EXERCÍCIO DO PODER ADMINISTRATIVO

MÓDULO IV PROCEDIMENTO ADMINISTRATIVO

1. Noção

A ação da Administração Pública constitui um resultado. Esta conceção pressupõe que toda a
ação administrativa seja precedida de um conjunto de atos, lógica e sequencialmente
ordenados segundo uma tramitação, em ordem à produção de um determinado resultado –
designadamente, um regulamento administrativo, um ato administrativo ou um contrato
administrativo –, dando corpo ao procedimento administrativo

O Procedimento Administrativo pode ser definido como o caminho ou a via através do qual a
Administração Pública pode obter uma decisão. É, por isso, através deste procedimento que
a Administração é capaz da formação e da expressão de uma vontade.

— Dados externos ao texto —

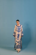 Gorgeous digital print long lawn caftan style shirt with scallop detailing on neckline and sleeves. Paired with lawn printed capri pants.

A atividade administrativa não se esgota na tomada de decisões, visto que antes e depois de
cada decisão há sempre um conjunto de passos a tomar, sejam eles atos preparatórios a
praticar, estudos a efetuar, averiguações a fazer, exames e vistos a realizar, informações e
pareceres a recolher, etc.
A atividade da Administração Pública é, em larga medida, uma atividade processual, isto é,
sobre cada assunto, começa num determinado ponto e depois caminha por fases, desenrola-
se de acordo com um certo modelo, avança pela prática de atos que se encadeiam uns nos
outros e, pela observância de certos trâmites, de certas formalidades e de certos prazos que
se sucedem numa determinada sequência. Chama-se a esta sequência o procedimento
administrativo.
O procedimento administrativo é, assim, a sequência juridicamente ordenada de atos e
formalidades tendentes à preparação e exteriorização da prática de um ato da Administração
ou à sua execução

O artigo 1º da Lei do Procedimento Administrativo (LPA) define procedimento administrativo


como a sucessão ordenada de atos e formalidades tendentes à formação e manifestação da
vontade da Administração Pública, ou à sua execução.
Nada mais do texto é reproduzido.